Он внимательно посмотрел ей в глаза:

– Это что за закрытие такое?

– Да не смотрите на меня так, я не заговариваюсь, маразм – это не моё, как выяснилось! – она уже пришла в себя и даже могла улыбаться, говоря о себе. – …рак,… понимаете, месяц-два, а потом на кладбище приходите, на Новодевичье, у меня там местечко припасено. Я вам план нарисую – найдете.

Вот тогда все и произошло. Сначала с Кириллом. Она видела, что у него зреет какое-то решение. О-о-очень серьезное!… прямо прыжок в пропасть.
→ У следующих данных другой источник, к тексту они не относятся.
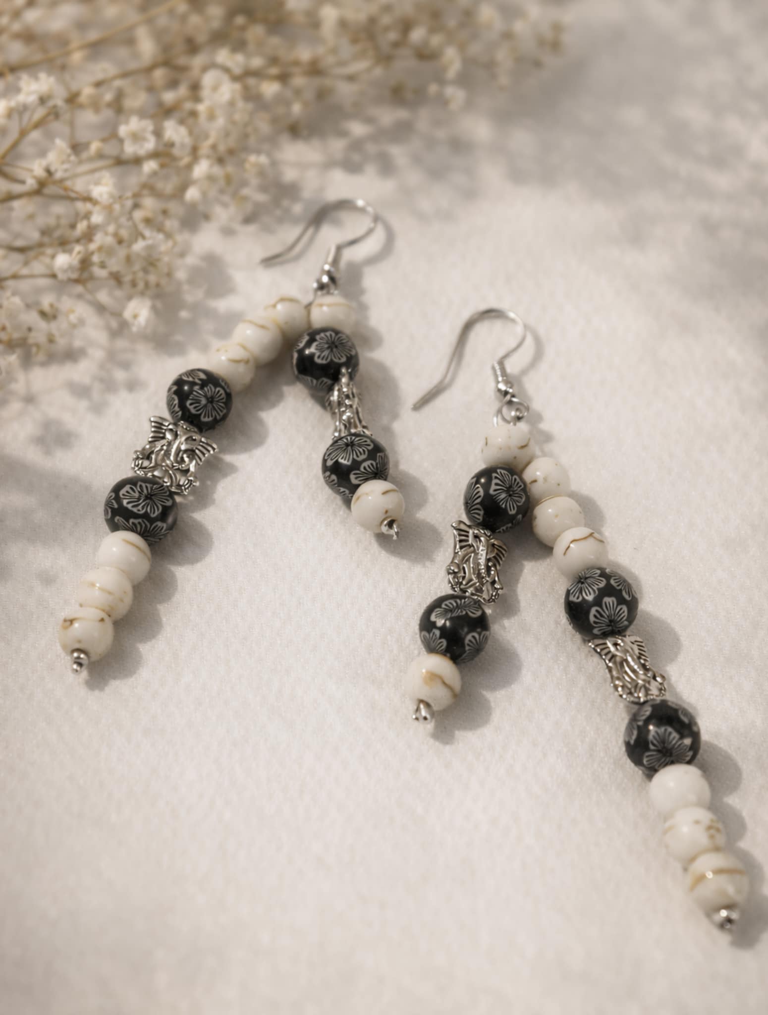 Σκουλαρίκια επάργυρα με λευκό αχάτη και κεραμικές χάντρες
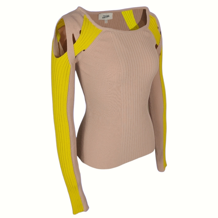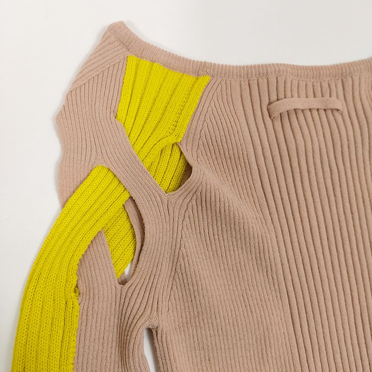 [Jean Paul GAULTIER] shoulder cut-out ribbed knitted top
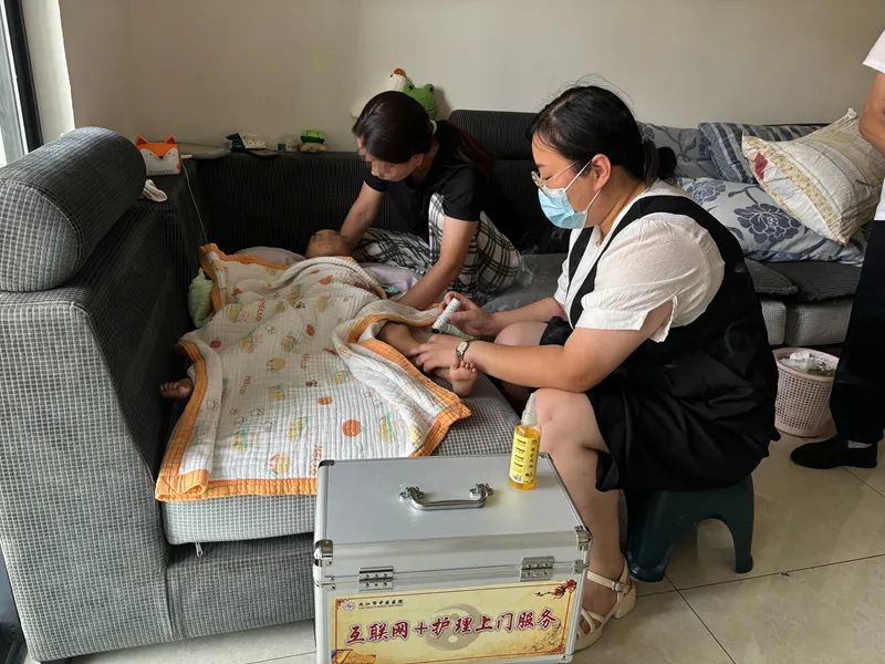 据了解,该患儿饱受化疗后恶心呕吐的困扰,由于因年龄小、抵抗力低、外出就医不便,患儿家属预约了上门护理服务。接到订单后,接诊医生评估了患儿的病情和中医辨证分型后,“互联网+护理”服务小组选派梅育红和邓琪琦两位经验丰富的护理人员上门。
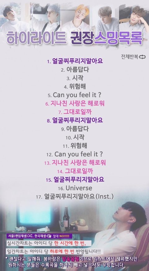 새 권장스밍목록 가지고 왔어 내일 곡 나오면 밑에처럼 돌려야함!!
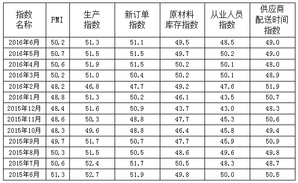 2016年6月,广东省制造业采购经理指数(重点企业PMI)为50.2,较上月回落0.5个百分点(见图1);5项权重指数中,生产量指数、新订单指数、原材料库存指数、生产经营人员指数均出现回落,仅供应商配送时间指数与上月持平(见图2)。
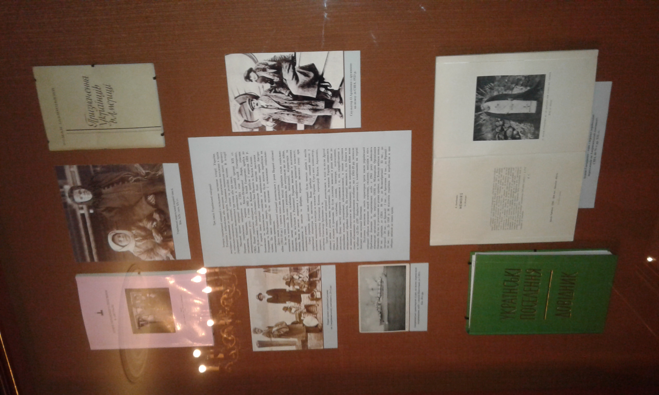 В експозиційних залах демонструються рідкісні фотографії, документи, картини, особисті речі визначних представників України, які мешкали поза її межами. Тут експонуються полотна Людмили Морозової, Олекси Булавицького, художні роботи родини Кричевських, скульптури Петра Капшученка, окремий меморіальний зал присвячений балетмейстеру і танцівнику Сержу Лифарю.
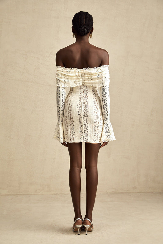 Élodie Beyaz Fiyonk Detaylı Süslemeli Mini Elbise
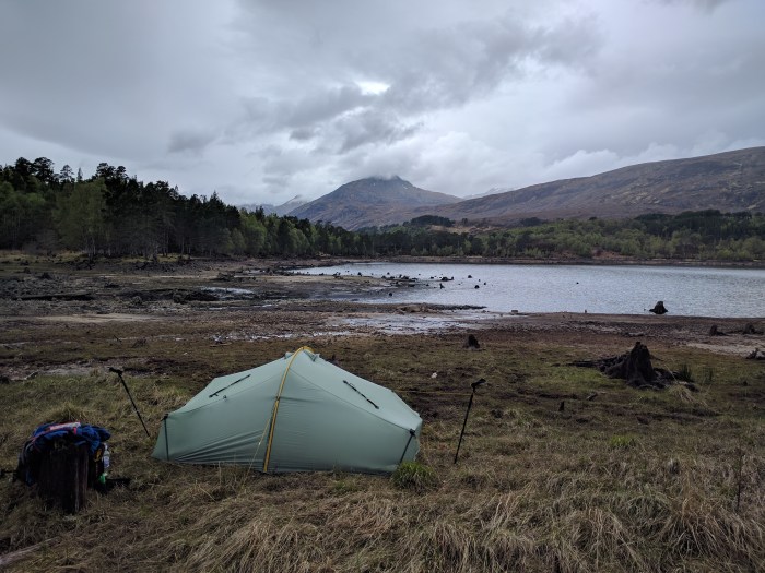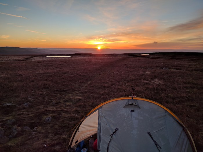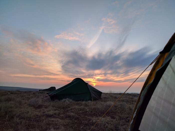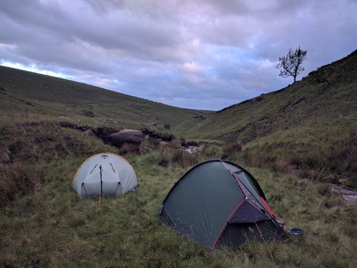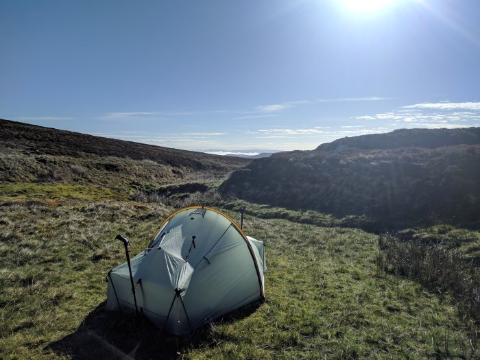 In my case, it was a night in a bothy. Rebecca argued that as no tent was involved and I was indoors it didn’t count at all. On my side, I was sleeping on the floor, and there was no toilet or running water, so it was arguably almost a full wild camp. We compromised on counting it the same as a tame camp (so 0.5 point for me).
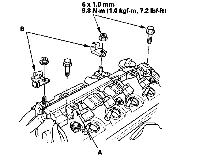 9. Remove the throttle cable clamps (A) and harness holder (B) from the cylinder head cover.
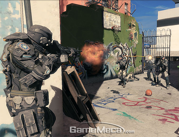 연출된 화면이 아니다. 벽을 뛰어넘을 수 있는 액션을 할 수 있다. 일반 FPS게임에서는 앞을 가로막는 벽을 무조건 회피하거나 돌아갈 수밖에 없는데 이런 액션을 통해 보다 빠르게 적과 조우할 수 있게 하고 전략적인 활용할 수 있도록 만들어 졌다.
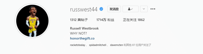 目前威少的IG粉丝数是1714万,他的新头像已经换成身穿湖人球衣的漫画照,再次公开宣布加盟湖人。
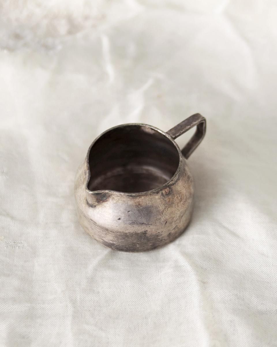 小ぶりなサイズのシルバーのミルクジャグです。
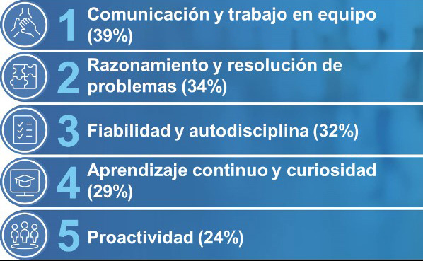 Aunque son las más complejas de medir, en los últimos años se ha disparado la importancia de las soft skills o habilidades sociales por su papel en la creación de un ambiente de trabajo positivo. Según el estudio Desajuste de talento 2024 de ManpowerGroup, las cinco más demandadas por las empresas españolas son la comunicación y el trabajo en equipo; el razonamiento y resolución de problemas; la fiabilidad y autodisciplina; el aprendizaje continuo y la curiosidad; y la proactividad.
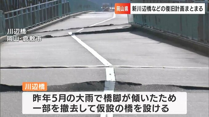 昨年5月、大雨で橋脚の一部が傾いた、倉敷市と総社市を結ぶ「川辺橋」についてです。岡山県は新川辺橋の南側に歩道を設置し、川辺橋は最終的に撤去する方針を明らかにしました。
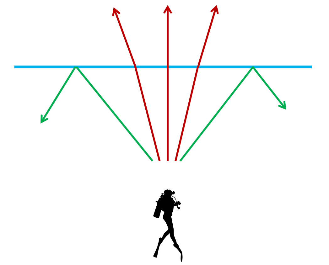 Si un plongeur est sous l'eau et qu'il regarde vers le haut, il voit un «trou» circulaire à la surface de l'eau, directement au-dessus de lui. Tout le reste de la surface ressemble à un miroir. Expliquez ce phénomène.
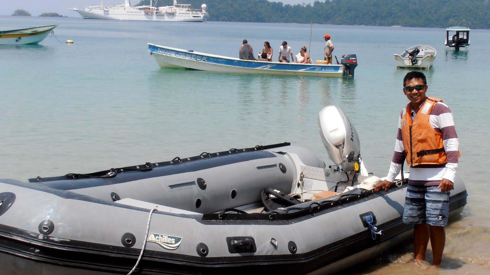 Windstar utilizes Zodiacs, rugged inflatable boats designed to take guests safely to remote ports with no docks. A wet landing consists of boarding a Zodiac from a floating dock on the yacht and riding it from the ship to the shore. Once you reach the beach, you will disembark directly in the water.

Сосредоточился, ушел в себя, даже губу закусил… И следующая его фраза заставила теперь уже ее усомниться в его нормальности.

– А вы хотели бы опять стать молодой?

Обвинить его в том, что это "щютка" такая она не смогла – того часа или чуть больше было вполне достаточно, чтобы понять, что за человек перед ней. Хороший человек. Искренний. Не способный вот так пошутить с пожилой и безнадежно больной женщиной. В то, что у него "не все дома" тоже что-то не верилось, повидала она на своем веку психов и немало!  И вот тогда что-то серьезное произошло и с ней. Все перевернулось внутри, встало с ног на голову и она ПОВЕРИЛА, как в детстве в Деда Мороза, как в чудо.  "ДА! ДА! ДА! – выдохнула и не удивилась бы, вытащи он сейчас волшебную палочку и произнеси  торжественно "Крибле-крабле-бумс!" Он все еще пытливо смотрел на нее, и все еще сомневался, но, видимо, уже не за себя, и не за нее…
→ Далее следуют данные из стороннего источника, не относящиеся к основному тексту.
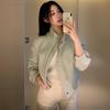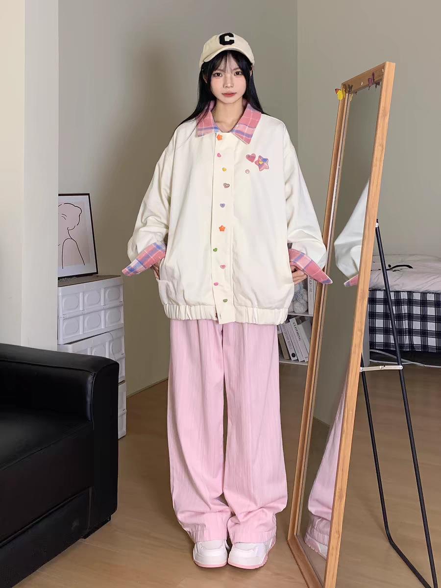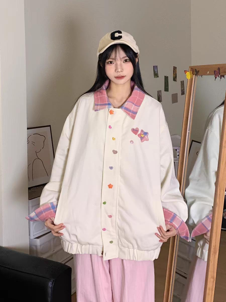 Chaqueta de Béisbol Coreana a Cuadros con Solapa en Bloque de Color Dulce para Mujer Diseño de Primavera y Otoño Chaqueta Versátil Top para Personas Pequeñas
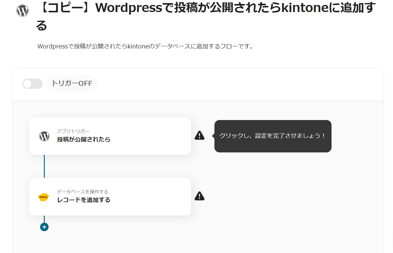 今回は、【WordPressで投稿が公開されたらkintoneに追加する】というフローを作成します。
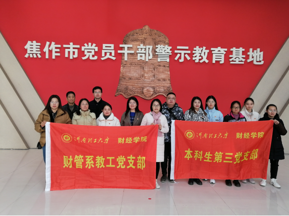 为深入推进党风廉政建设、提高教师队伍廉洁自律意识,筑牢拒腐防变的思想道德底线,切实加强支部党员监督、管理和教育12月7日,财管系支部前往焦作市委党校反腐倡廉教育基地,开展了“警钟长鸣守初心,清正廉洁担使命”主题党日活动,财务管理系全体教师和财务管理专业部分学生党员代表,参加了此次活动。
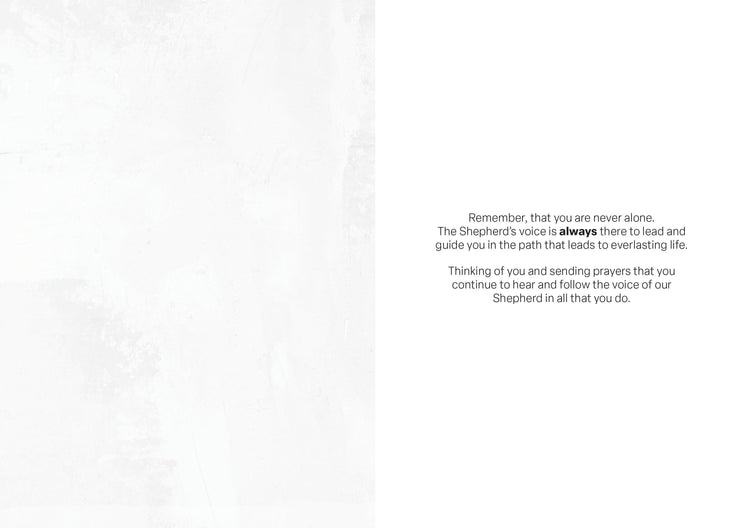 Remember, that you are never alone. The Shepherd's voice is always there to lead and guide you in the path that leads to everlasting life. Thinking of you and sending prayers that you continue to hear and follow the voice of our Shepherd in all that you do.
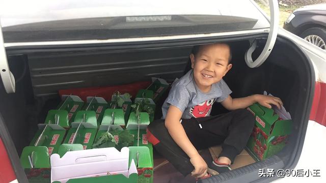 无忧无虑笑的很暖心,看得出他不只喜欢樱桃还很喜欢舅舅车的后备箱
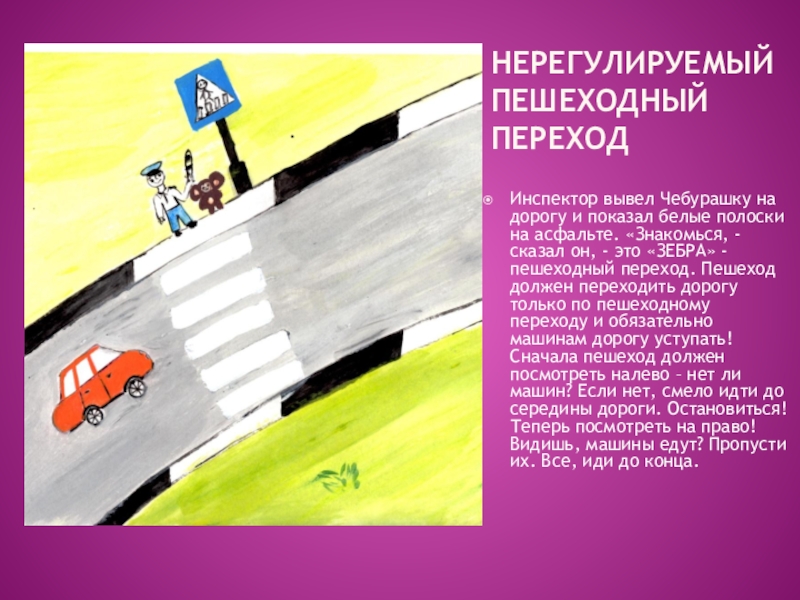 на асфальте. «Знакомься, - сказал он, - это «ЗЕБРА» - пешеходный переход. Пешеход должен переходить дорогу только по пешеходному переходу и обязательно машинам дорогу уступать! Сначала пешеход должен посмотреть налево – нет ли машин? Если нет, смело идти до середины дороги. Остановиться! Теперь посмотреть на право! Видишь, машины едут? Пропусти их. Все, иди до конца.
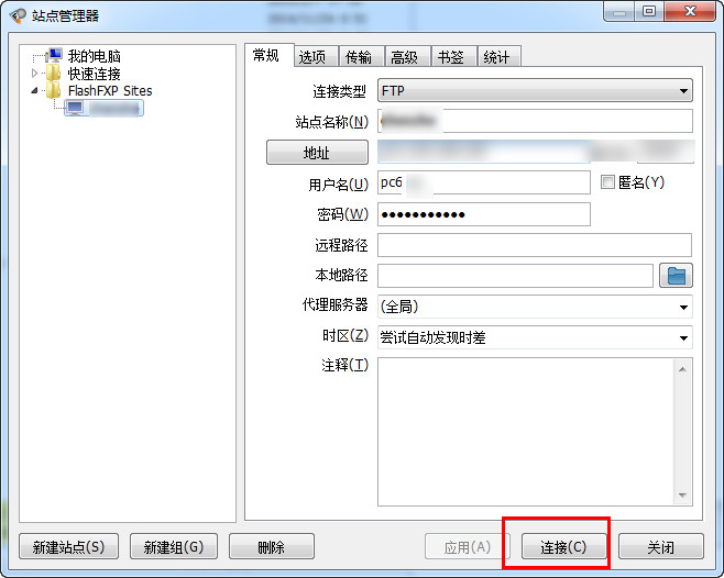 4、設置連接參數,類型FTP,地址填FTP服務器的地址(本地),端口不要改。用戶名和密碼可以從管理員獲得,允許匿名登錄的話就把“匿名”勾上。如果有遠程的地址也可以填上,填完之后點擊“連接”

– Тогда придется вам прослушать небольшую лекцию. Чтобы вы не приняли меня за ненормального – он улыбнулся. – Как я понял, вы немного в курсе и современных достижений генетики, и клонирования, в частности…

– Нет, "в курсе" это уж очень громко сказано, – пожала плечами она, – просто газеты читаю, телевизор смотрю, ну, иногда в Интернете с внучкой шуруем… Так, что вы попроще, на "кухонно-бытовом" уровне.

– Не скромничайте, – усмехнулся он, – ваши бы познания, да хотя бы современным выпускникам школ да лицеев – все бы вскоре профессорами стали. Так вот, как вы думаете, наша наука сидит, сложа ручки, и с умилением смотрит на чужие достижения?

– Не знаю, – она задумалась, – вообще-то, не должна бы,… но ведь  финансирование и прочие сложности…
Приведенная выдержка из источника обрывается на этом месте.